Eleven draft-eligible Buckeyes participated in Ohio State’s Pro Day March 23.

Zach Harrison was not one of them.

The defensive end and Lewis Center, Ohio, native chose to come back to Columbus for his senior season and said his path — albeit a long one — is his own.

“Everybody comes in with the mindset of, ‘I’m going to go to college for three years and head to the NFL,’ and that’s not reality,” Harrison said. “Everybody has different stories and realizing that’s not my story — my story is to come back for my senior year and play ball.”

Harrison returns to Ohio State looking to improve his all-around skills and help lead an evolving Buckeye defense steeped in tradition.

“I still have a lot of areas to improve in and I want to improve in every area I can,” Harrison said. “I want the junior Zach to pale in comparison to senior Zach, and that’s what I’m working towards.”

“Junior Zach” set career-high marks in tackles, tackles for loss, sacks, forced fumbles and passes defended in 2021.
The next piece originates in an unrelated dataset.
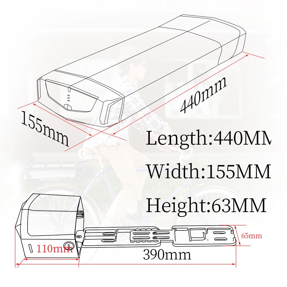 Chamrider Polly 7 52V 25Ah 1300Wh runkoakku IP65 vedenkestävä 4A laturi sopii 250–2000W moottoreille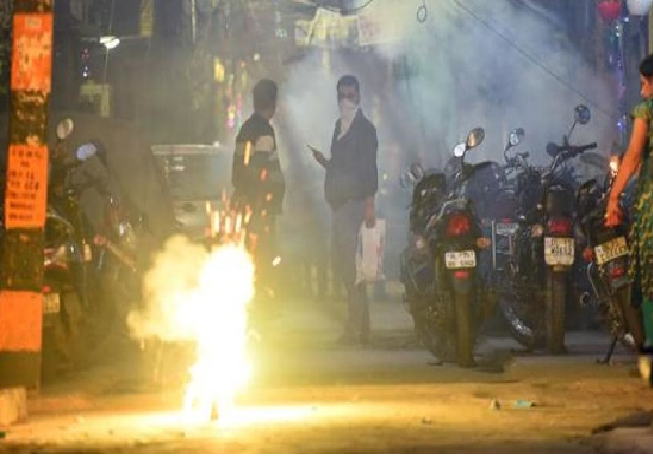 Air pollution in Delhi increased due to smoke from firecrackers during Diwali celebrations

Despite a career year, Harrison said last season’s defensive performance as a unit didn’t meet the goals and expectations the group had for themselves.

“We definitely know that we weren’t what we were supposed to be,” Harrison said. “When the term ‘Silver Bullet’ gets thrown around, we kind of took that for granted. We’re taking it more personal now.”

Ohio State’s revamped defense, led by new defensive coordinator Jim Knowles, is still in “early stages,” according to Harrison.

Harrison said experience and game reps are very valuable in preparing for offenses amidst a changing defensive outlook.

“Experience is the greatest teacher, so we all have a little bit under our belt,” Harrison said. “We know what to expect and we know what to work towards.”

Harrison noted a key difference between his first year and now: younger Buckeyes like sophomores defensive linemen J.T. Tuimoloau and Jack Sawyer come into their second year with additional game experience to draw from, which allows them to be conscious of their training efforts and evaluate their performance.

“We know when we’re hitting on all cylinders and we know when we’re not,” Harrison said. “We can be open about it and call each other out. We know what it’s supposed to look like.”

Graduate defensive tackle Jerron Cage said a new “energy” has developed with defensive adjustments and the feeling around the program has changed.

“The whole vibe is just different,” Cage said. “It’s not only that the coaches can see it — it’s them showing it to us so we can see it.”

Harrison said he’s recovered well from a “little” injury sustained in the fourth quarter of No. 10 Ohio State’s 48-45 victory over No. 7 Utah in the Rose Bowl Jan. 1. He said he is excited about the possibility of helping reinvigorate a storied defense.

“We know that there’s a standard guys set at Ohio State before we were even born, and we’re the next step to hold that legacy and hold that standard, and we take pride in that,” Harrison said. “All of us know that’s what we got to get to.”